Containerization does not entirely solve the conda problem, since the Snakemake program itself requires conda to run. CSC provides a snakemake module, but problematically these modules are container-based, and since containers cannot be nested on CSC machines, it is not possible to use containerized conda environments with the CSC snakemake modules. This can be solved by installing Snakemake with pip (this is discouraged in the Snakemake documentation, but I have seen no problems so far).
FTT uses software that is not included in the containerized conda environments, including several marian installations and other NLP tools. These are automatically built as part of the pipeline. The Ftt.sif container includes the prerequisites for the software components. It's also possible to provide paths to separately built software installations.
- Clone the repository.
- Download the Ftt.sif container to the repository root.
- Create a virtual Python environment for Snakemake (e.g. in the parent dir of the repository):
- The environment needs to be created with a non-containerized python, as otherwise Apptainer integration will not work. On puhti and mahti, the python executables in /usr/bin/ should work:
/usr/bin/python3.9 -m venv snakemake_env
. - Activate the virtual environment:
source ./snakemake_env/bin/activate
. - Install snakemake:
pip install snakemake
.
- The environment needs to be created with a non-containerized python, as otherwise Apptainer integration will not work. On puhti and mahti, the python executables in /usr/bin/ should work:
- Install micromamba (e.g. in the parent dir of the repository):
curl -Ls https://micro.mamba.pm/api/micromamba/linux-64/latest | tar -xvj bin/micromamba
- Return to the repository directory and update Git submodules:
make git-modules
- Create a data directory (e.g. in the parent dir of the repository) and create a tmp dir in it.

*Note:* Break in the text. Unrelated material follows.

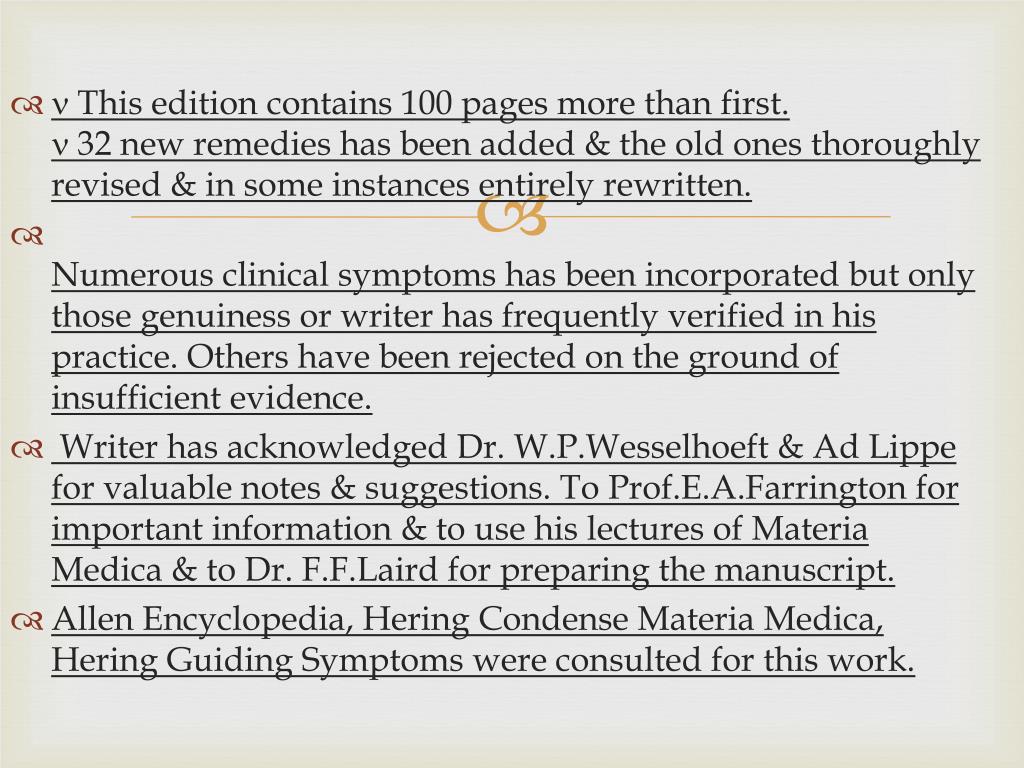 This edition contains 100 pages more than first. 32 new remedies has been added & the old ones thoroughly revised & in some instances entirely rewritten. • Numerous clinical symptoms has been incorporated but only those genuiness or writer has frequently verified in his practice. Others have been rejected on the ground of insufficient evidence. • Writer has acknowledged Dr. W.P.Wesselhoeft & Ad Lippe for valuable notes & suggestions. To Prof.E.A.Farrington for important information & to use his lectures of MateriaMedica & to Dr. F.F.Laird for preparing the manuscript. • Allen Encyclopedia, Hering Condense MateriaMedica, Hering Guiding Symptoms were consulted for this work.

- If the data directory is not located in the parent directory of the repository, edit profiles/slurm-puhti/config.yaml or profiles/slurm-mahti/config.yaml and change the bindings in the singularity-args section to point to your data directory, and also enter the data directory path as the root value of the config section.
- Edit profiles/slurm-puhti/config.cluster.yaml to change the CSC account to one you have access to.
- Load cuda modules: module load gcc/9.4.0 cuda cudnn
- Run pipeline:
make run-hpc PROFILE="slurm-puhti"
ormake run PROFILE="slurm-mahti"
- Clone the repository.
- Download the Ftt.sif container to the repository root.
- Create a virtual Python environment for Snakemake (e.g. in the parent dir of the repository):
- The environment needs to be created with a non-containerized python, as otherwise Apptainer integration will not work. On lumi, use the cray-python module (it is not containerized):
module load cray-python; python -m venv snakemake_env
. - Activate the virtual environment:
source ./snakemake_env/bin/activate
. - Install snakemake:
pip install snakemake
.
- The environment needs to be created with a non-containerized python, as otherwise Apptainer integration will not work. On lumi, use the cray-python module (it is not containerized):
- Install micromamba (e.g. in the parent dir of the repository):
curl -Ls https://micro.mamba.pm/api/micromamba/linux-64/latest | tar -xvj bin/micromamba
- Return to the repository directory and update Git submodules:
make git-modules
- Create a data directory (e.g. in the parent dir of the repository) and create a tmp dir in it.
- If the data directory is not located in the parent directory of the repository, edit profiles/slurm-lumi/config.yaml and change the bindings in the singularity-args section to point to your data directory, and also enter the data directory path as the root value of the config section.
- Edit profiles/slurm-puhti/config.cluster.yaml to change the CSC account to one you have access to.
- Load rocm module: module load rocm.
- Copy the marian executables to 3rd_party/lumi-marian/build (compiling lumi-marian is currently hacky, so this workaround makes things easier).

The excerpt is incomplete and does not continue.